Prolonged pressure can cause ulcers and toe inflammation, especially if you have poorly controlled diabetes or other diseases that cause poor blood flow to the toes.
Also, females often have a problem with the way their toes look in open footwear such as high heels and sandals.
Causes of Bent Toes
There are many causes of bent toes, but the most common are:
- Inadequate or small shoes
- Foot arthritis
- Foot joint inflammation (synovitis)
- Neuromuscular diseases
- Diabetes mellitus
- Spinal cord or nerve injuries
- High foot arch
- Foot injuries
- Tight ligaments and tendons
Risk Factors of Bent Toes
The most important risk factors include:
- Age – the risk of developing a condition increases with age
- Sex – the chances of developing a condition are much higher in women than men
- Family history
- Prolonged wearing small and tight shoes
- Length of toes – there's also a higher risk if your second toe is longer than your big toe
- Associated diseases (diabetes, arthritis, neuromuscular diseases, etc.)
Prevention & Treatments
Recommended treatment for bent toes will depend mostly on the stage of deformity. It is important to start with prevention. If you start developing bent toes, start your treatment as soon as possible in order to avoid progression of any disorders and avoid the need for surgery.

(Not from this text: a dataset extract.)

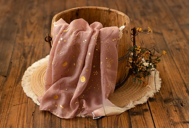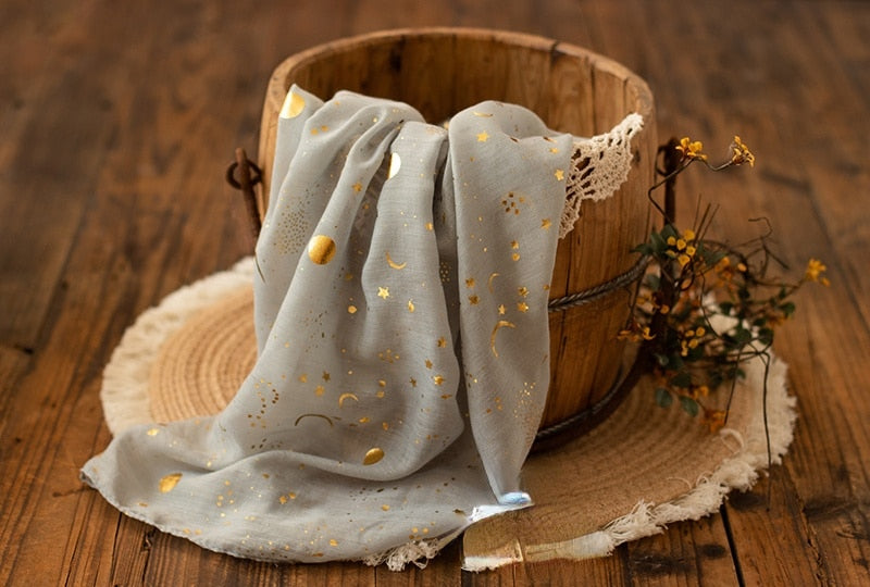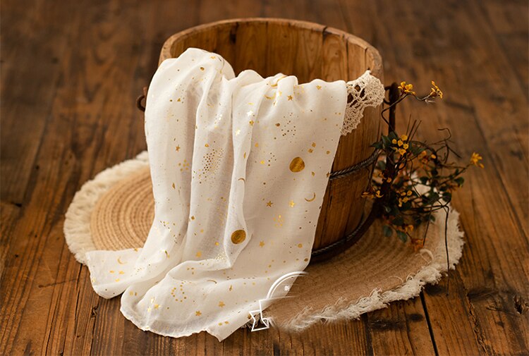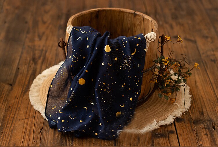 Ein weicher Stoffbezug mit Stern- und funkelndem Mondmuster setzt ein Highlight im Fotohintergrund für Ihr Baby. Dieser Stoffbezug kann als Baby-Pucktuch verwendet werden, und das Material ist sanft zur empfindlichen Babyhaut.

Always wear comfortable shoes which doesn't increase pressure on your toes. Make sure that your toes have enough space. If you start developing calluses or corns treat, you should treat them immediately too. Use daily exercises in order to maintain strength of the foot muscles.
Though there isn't a cure for bent toes since its deformity primarily has a biomechanical cause, there are non-surgical treatments that you may wish to consider.
In severe cases of a condition of a bent toe, the toe will become rigid so non-surgical treatment methods will not be very effective for stopping its progression. Surgery will be the only treatment method which will give the patient a chance to get a more functional foot.
The main goal of surgery is to correct the deformity and straighten the toe so it doesn’t lead to problems in everyday life such as wearing shoes.
There are two main types of surgery for bent toes:
- The first one is arthroplasty aimed at allowing more movement in the affected joint
- The other type of surgery is arthrodesis which creates a rigid and straightened toe by removing all of your joint and fusing bones together
If neither of these surgeries is possible, amputation of the affected part of toe is the last option. Toe surgery is not without possible complications which can occur during the procedure or in the postoperative period.